NZ Asbestos Removal

Field guide · 5 min · 2026-04-22

Testing, sampling, and the IANZ laboratory process

What actually happens when a sample is pulled, tested, and reported. Why visual identification is never enough, and why a $120 lab test is the most cost-effective insurance you'll buy.

Asbestos identification ends in a laboratory. No reputable assessor or removalist will commit a property to a treatment plan on visual identification alone — too much material from the relevant decades looks similar, and a positive or negative result changes the regulatory category your work falls into. The good news: testing is fast and inexpensive.

Sample collection

A licensed assessor wets the suspect material to suppress fibre release, lifts a small physical sample (typically a coin-sized piece of cement sheet, a corner of vinyl tile, or a swab of dust), seals it in a labelled bag, and patches the sample site to seal any exposed edge. They handle the sample chain of custody to the laboratory. You should not pull samples yourself — the act of breaking the material is the precise event the regulations exist to control.

Laboratory testing

  • Polarised light microscopy (PLM) — the standard NZ identification test for bulk samples. Identifies asbestos type (chrysotile, amosite, crocidolite) and approximate concentration.
  • Phase contrast microscopy (PCM) — used for air-monitoring samples during and after removal work, counting airborne fibres.
  • Transmission electron microscopy (TEM) — higher resolution, used for clearance certification and contested samples.

Reading a result

Results report the asbestos types found and a percentage estimate. A negative result (often phrased 'no asbestos detected') closes the matter for that material. A positive result moves the planned work into the relevant licensed category — Class A for friable, Class B for non-friable above 10 m². Either way, you keep the report on file with the property documents; future owners will appreciate the paper trail.

Cost & timeline

  • Single sample: typically $80–150 inclusive of laboratory fee, plus assessor sampling time of $150–250.
  • Multi-sample property survey: $400–900 typical for a residential pre-renovation survey.
  • Turnaround: 2–5 working days standard; 24-hour rush testing available for an additional fee.

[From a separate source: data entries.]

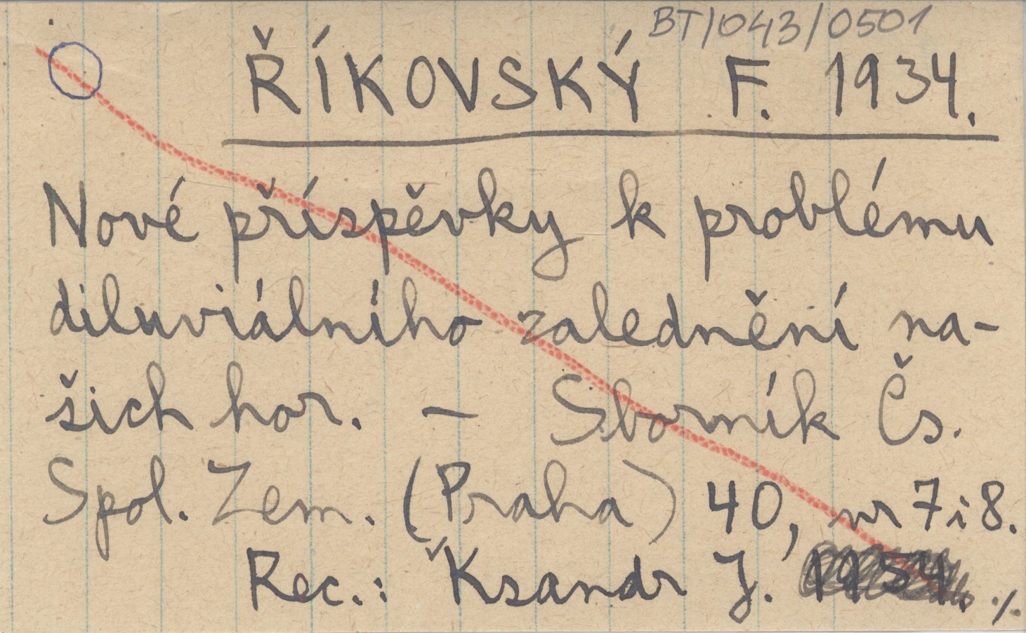 ŘÍKOVSKÝ F. 1934 Nové příspěvky k problému diluviálního zalednění naąich hor.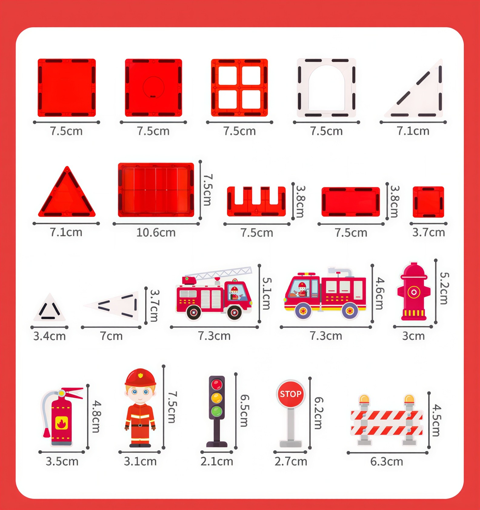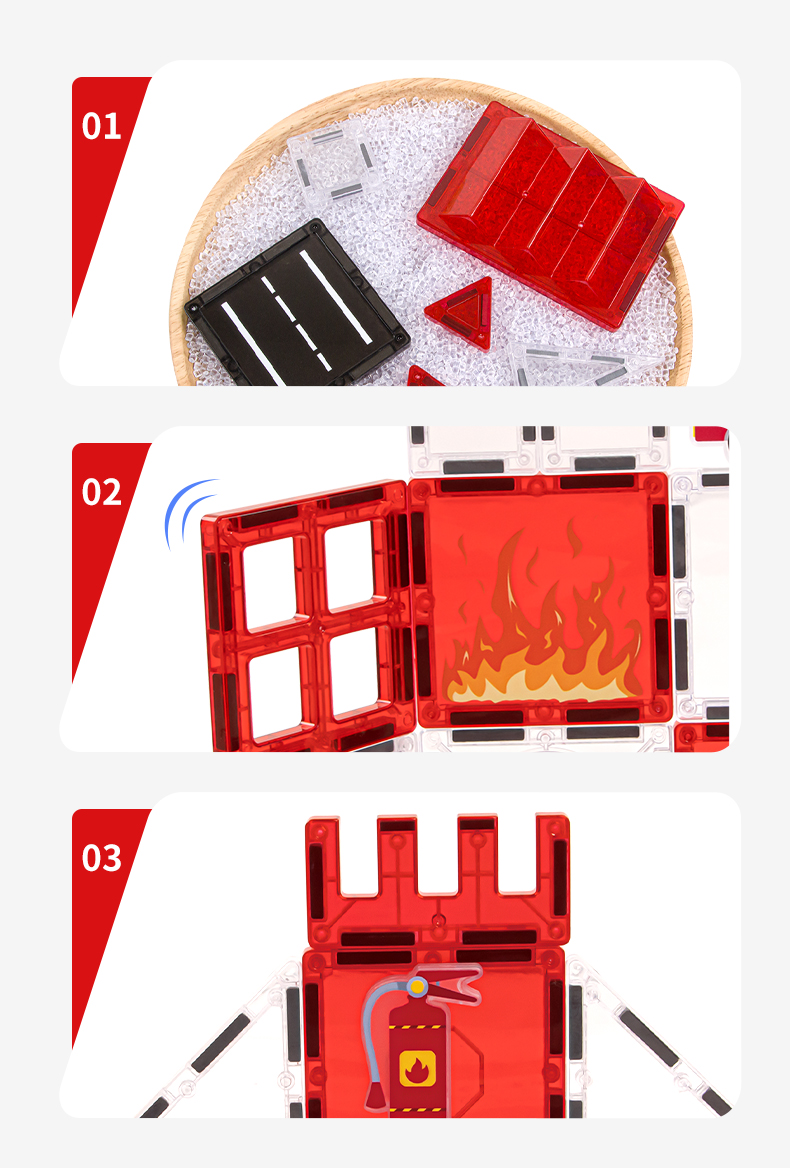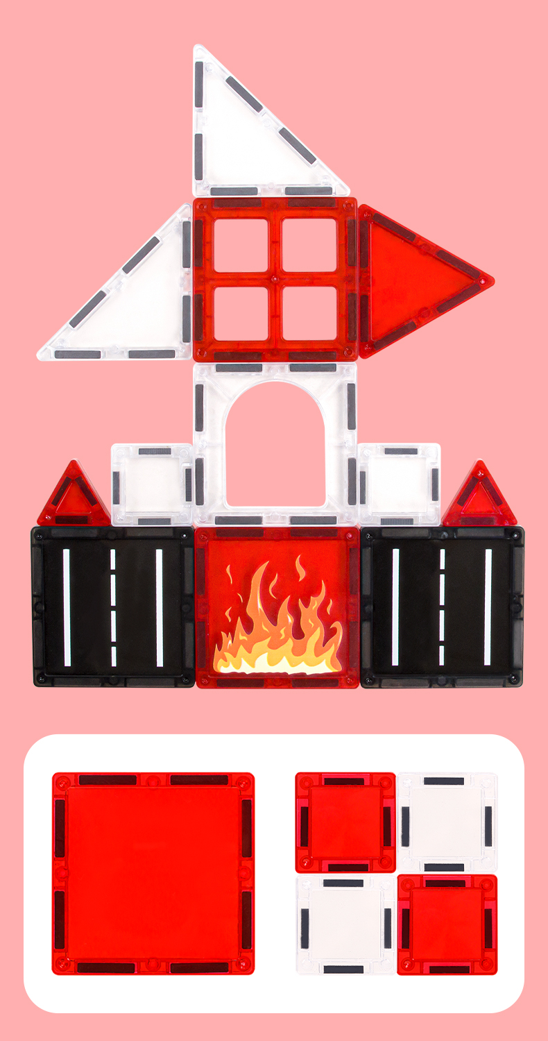 Τα κομμάτια συνδέονται εύκολα χάρη στους ισχυρούς μαγνήτες, επιτρέποντας την κατασκευή ποικίλων σχημάτων, σπιτιών, πύργων, κάστρων ή ακόμα και μοναδικών έργων τέχνης. Τα μαγνητικά τουβλάκια συνδυάζουν διασκέδαση, δημιουργία και αισθητική, αναπτύσσοντας λεπτή κινητικότητα, φαντασία και αίσθηση αρμονίας και ομορφιάς.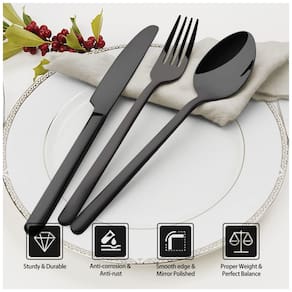 O Conjunto de Talheres KINGSTONE para 4 pessoas inclui 4 garfos de salada, 4 garfos de jantar, 4 facas, 4 colheres de sopa e 4 colheres de sobremesa. Essencial para famílias e restaurantes. Feito em aço inoxidável 18/10 de alta qualidade, este conjunto de talheres é durável e resistente à corrosão. Com um acabamento espelhado elegante resultante de 6 polimentos manuais, o conjunto é confortável de segurar e sem bordas ásperas. O revestimento em titânio torna a superfície dos talheres mais forte, evitando desbotamento ou rachaduras. Fácil de limpar, o design sem desperdício e o corpo estilizado facilitam a limpeza. Ideal para uso diário, festas, acampamentos, restaurantes, banquetes de casamento e também como presente.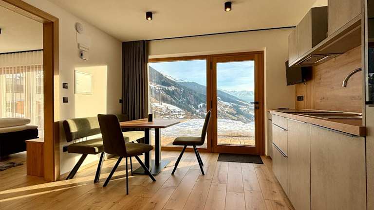 Alle Wohneinheiten verfügen über eine Veranda oder einen Patio mit Blick auf die Berge, eine voll ausgestattete Küche mit Kühlschrank, Geschirrspüler, Ofen, Herdplatte und Kaffeemaschine. Jedes Zimmer hat ein eigenes Badezimmer mit Dusche. Haustiere sind nur in ausgewählten Apartments gestattet.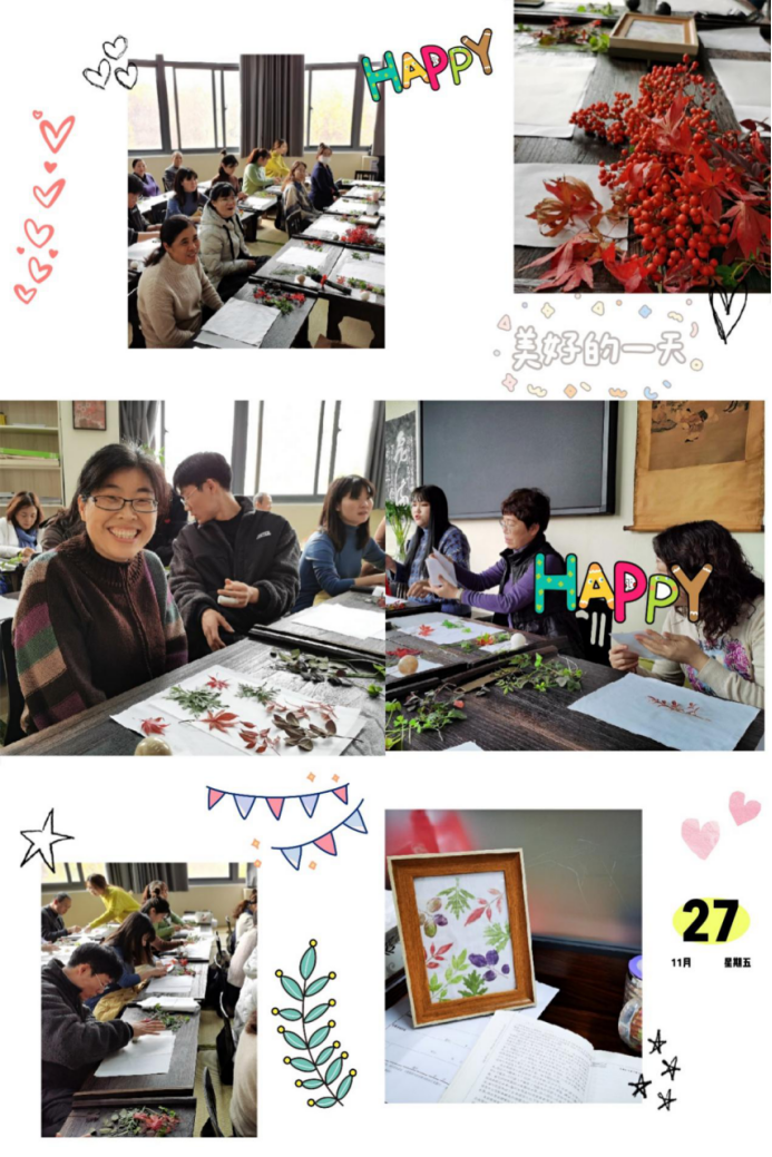 为了丰富365在线体育投注官网教职工们的业余生活,11月27日下午,在三号组团楼B423室,365在线体育投注官网分工会与公司手工制作协会联合举办了手工制作活动——植物拓印。本次活动得到教职工的热烈响应,校手作协会会长边冬梅、副会长高桂芬、国教公司副经理刘卫红、校工会杨冬梅、365在线体育投注官网分工会主席闫秋霞、365在线体育投注官网副经理杨道云、副书记周全营以及365在线体育投注官网教师共30多位参加了本次活动。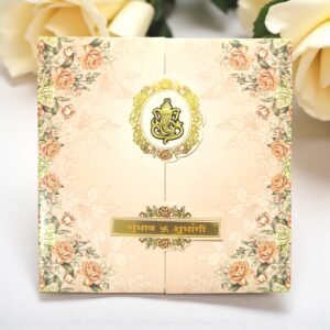 Floral Two Fold Laser Cut Marathi Wedding Invitation Card With Acrylic Lord Ganesha and Name Plate – Peach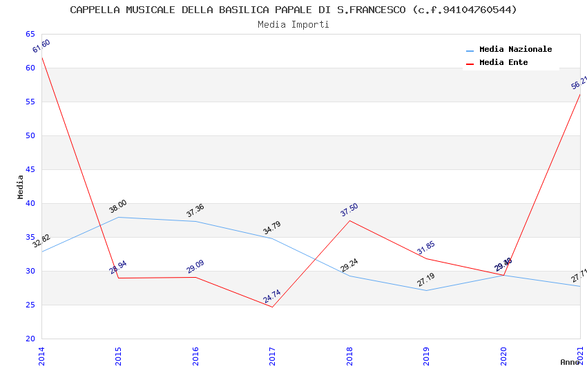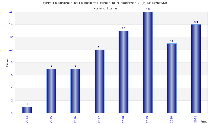 | Anno | Firme | Importi | Media | Naz. | Reg. | Prov. | Comu. |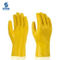 誉丰028黄色工业pvc28厘米耐油防污耐酸碱棉毛浸塑手套 1双装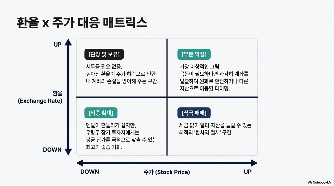 투자 상식으로는 '저환율 매수, 고환율 매도'가 정답처럼 들리지만, 절세와 달러 자산 증식이라는 관점에서 보면 '고환율 매수, 저환율 매도'라는 역발상 전략이 매우 강력한 힘을 발휘합니다.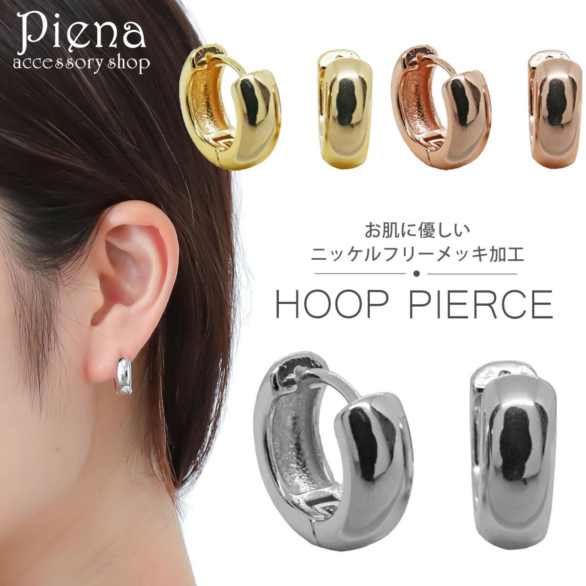 ワンタッチで装着が可能な中折れフープピアスは、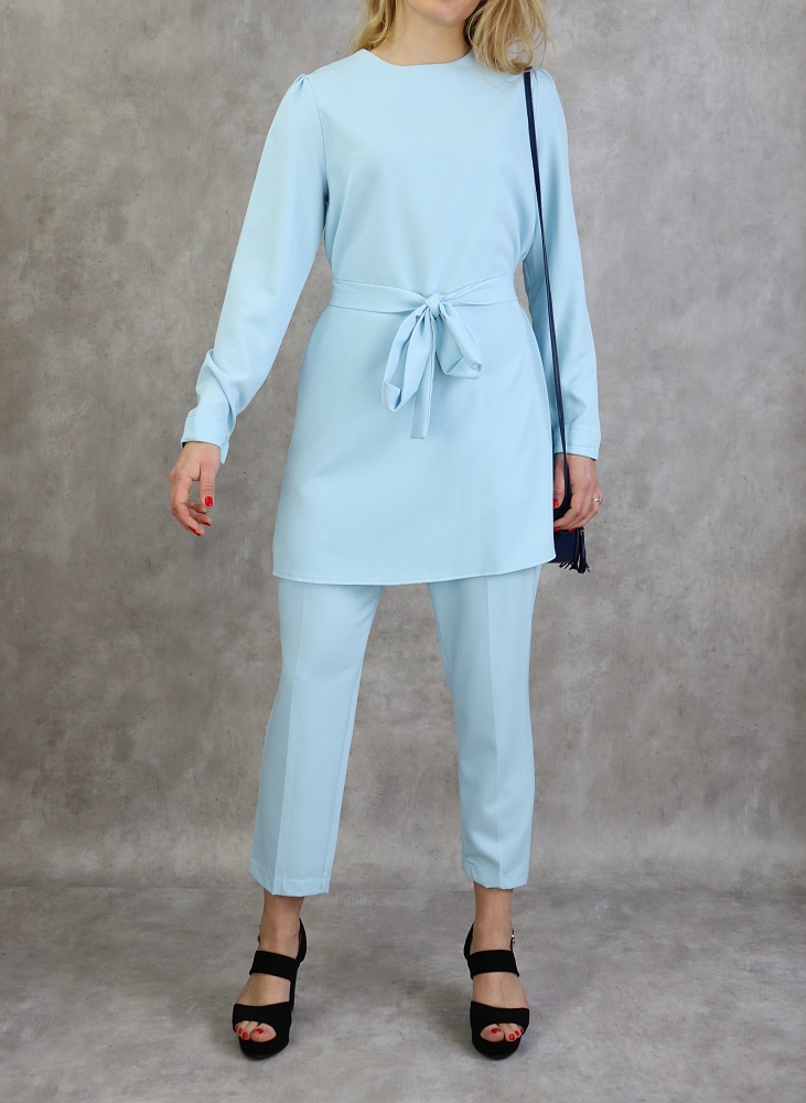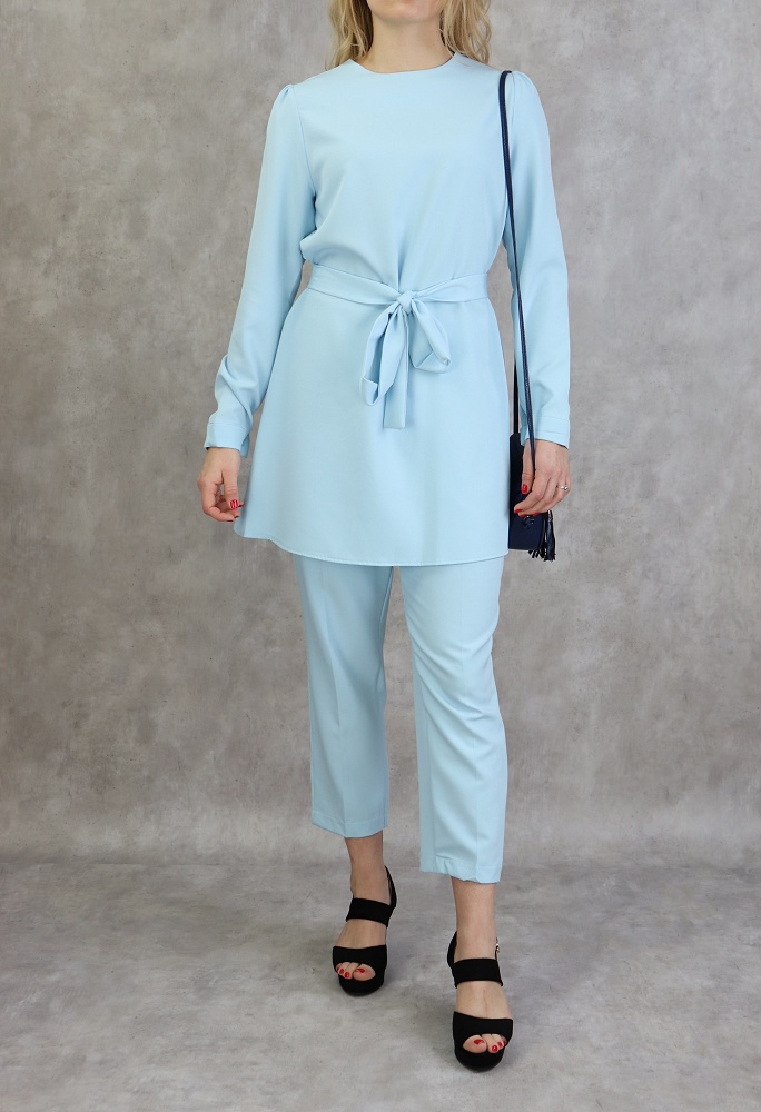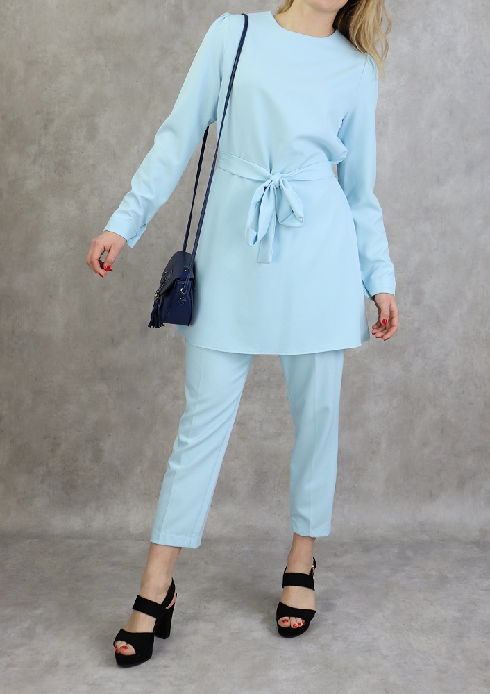 Ensemble 2 pièces. Tunique mi longue, col rond, fermeture bouton, manches finition bouton aux poignets, ceinture assortie, coupe evasée. Pantalon, taille élastique, 2 poches italiennes, coupe classique. Tissu doux, fluide et non transparent.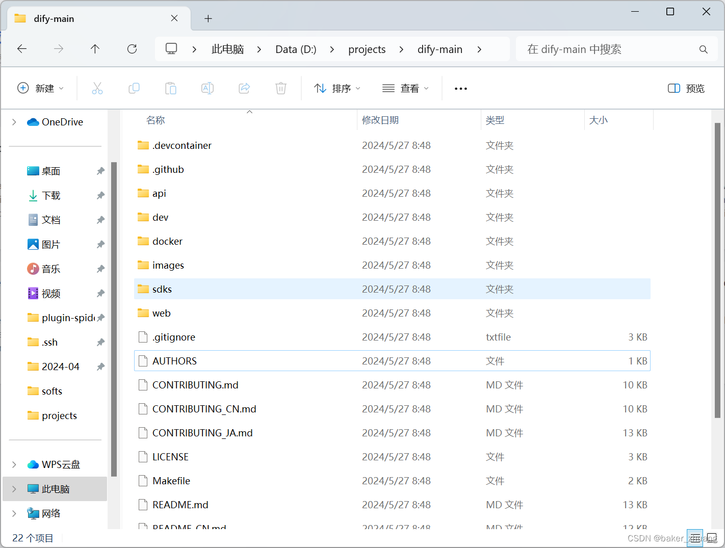 这节一起来实现Dify的离线部署,官方的github仓库也提供了docker的部署方式,我们也使用docker的方式部署,因此需要在window上安装docker环境,安装好后,我们先从github将源码下载下来,然后解压到一个文件夹下,这里是我下载后解压的项目目录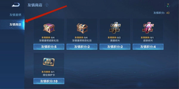 友情商店位于游戏关系板块下的友情重燃功能中。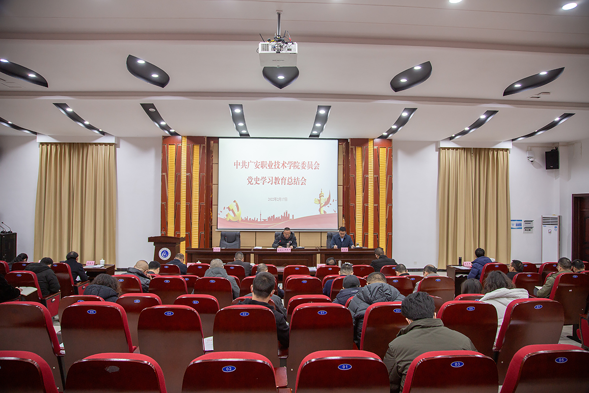 王建平在讲话中指出,党史学习教育开展以来,学校党委紧紧围绕“学党史、悟思想、办实事、开新局”主题,坚持高标准谋划、高质量推进,持续用好广安丰富红色资源,扎实开展专题学习,精心组织宣传活动,广泛开展专题宣讲,深入推进“我为群众办实事”,不断推动党史学习教育走心、走深、走实。王建平强调,学好党史、用好党史是一项长期任务,要把党史学习教育融入日常、抓在经常,不断建立健全常态化、长效化制度机制,不断巩固拓展党史学习教育成果。王建平要求,全校上下要从党的百年奋斗史中汲取智慧和力量,不断加强自身建设,努力推动学校各项工作顺利向前迈进。要坚定不移坚持党对学校各项事业的领导与指导,坚定不移勇于改革、开拓创新,创造性地开展工作,坚定不移敢于斗争,迎难而上、跳起摸高,将规划图变成施工图,一步一个脚印,推动各项重点任务落地落实,坚定不移以自我革命精神推进全面从严治党,持续用力久久为功,锲而不舍正风肃纪,积极构建风清气正的良好政治生态,为学校建设发展保驾护航。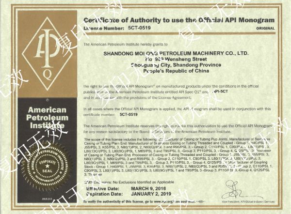 持证单位: 山东墨龙石油机械股份有限公司

Why this matters before you buy a pre-1990 home

If you are planning to renovate after purchase, a pre-purchase asbestos survey is one of the highest-value items in the inspection process. The survey cost is typically a fraction of a single removal job, and the result lets you negotiate or plan with full information. A handful of homeowners we hear from each year find the situation more involved than they had assumed; a smaller number find it less. Either is better than discovering it during the renovation.